[Data extract]:

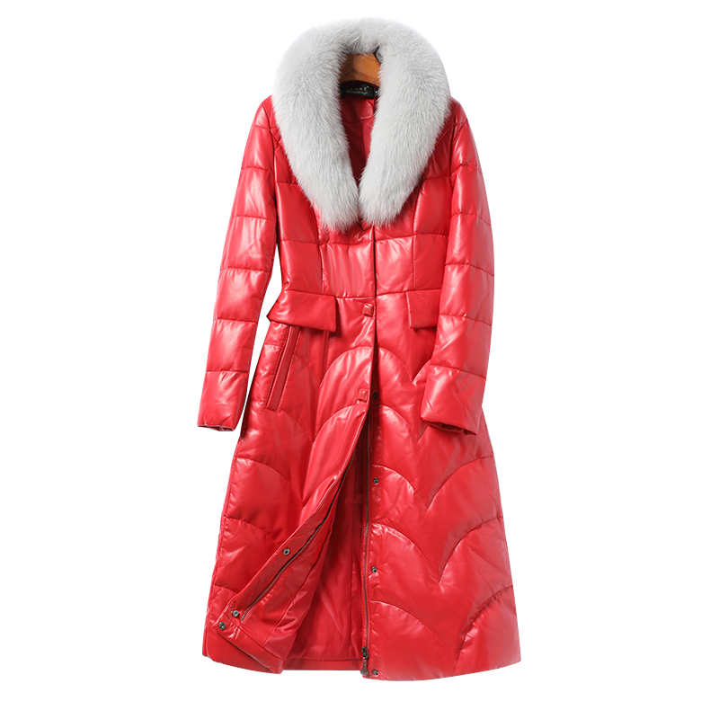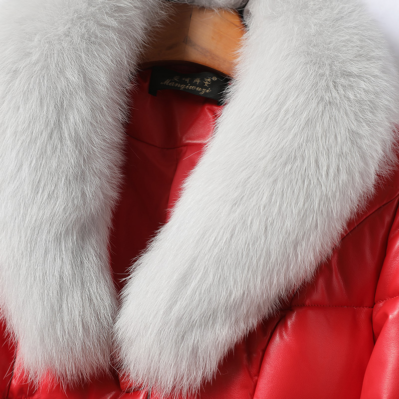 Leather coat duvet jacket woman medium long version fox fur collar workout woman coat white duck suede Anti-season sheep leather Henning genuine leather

...

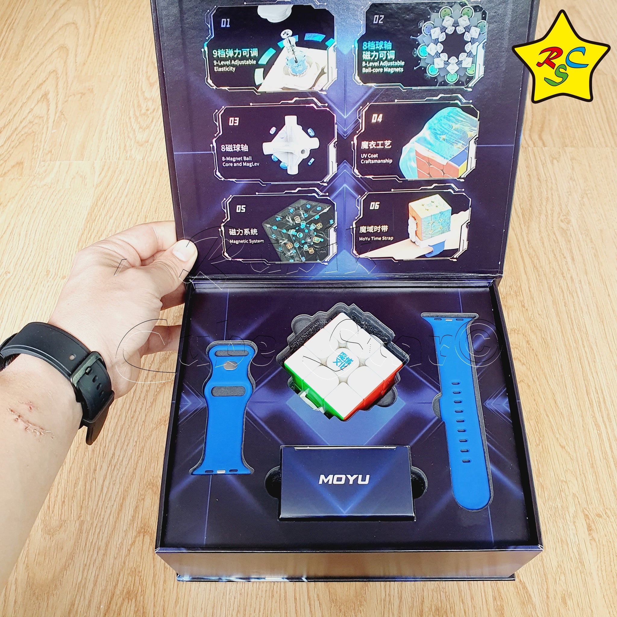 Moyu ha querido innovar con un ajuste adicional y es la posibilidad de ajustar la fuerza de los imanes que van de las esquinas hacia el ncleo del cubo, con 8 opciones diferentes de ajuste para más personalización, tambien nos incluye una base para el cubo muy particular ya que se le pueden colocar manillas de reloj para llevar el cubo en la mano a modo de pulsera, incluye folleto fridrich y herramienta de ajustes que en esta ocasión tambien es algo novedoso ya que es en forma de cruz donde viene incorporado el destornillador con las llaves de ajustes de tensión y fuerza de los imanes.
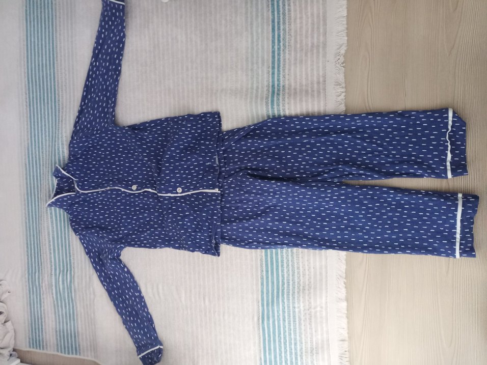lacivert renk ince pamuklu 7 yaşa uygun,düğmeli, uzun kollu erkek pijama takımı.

...

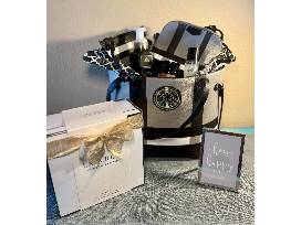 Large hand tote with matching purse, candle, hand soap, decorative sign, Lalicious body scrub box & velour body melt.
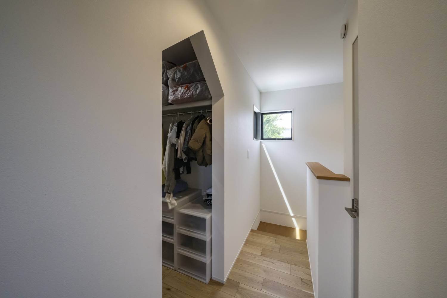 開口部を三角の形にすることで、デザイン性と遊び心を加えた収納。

[Work item]:
From the records above, output only the lines starting at the one containing "Large hand tote" and ending at the one containing "開口部を三角の形にすることで、デザイン性と遊び心を加えた収納。", word for word. Pictures stay out.

[Solution to this task]:
 Large hand tote with matching purse, candle, hand soap, decorative sign, Lalicious body scrub box & velour body melt.
 開口部を三角の形にすることで、デザイン性と遊び心を加えた収納。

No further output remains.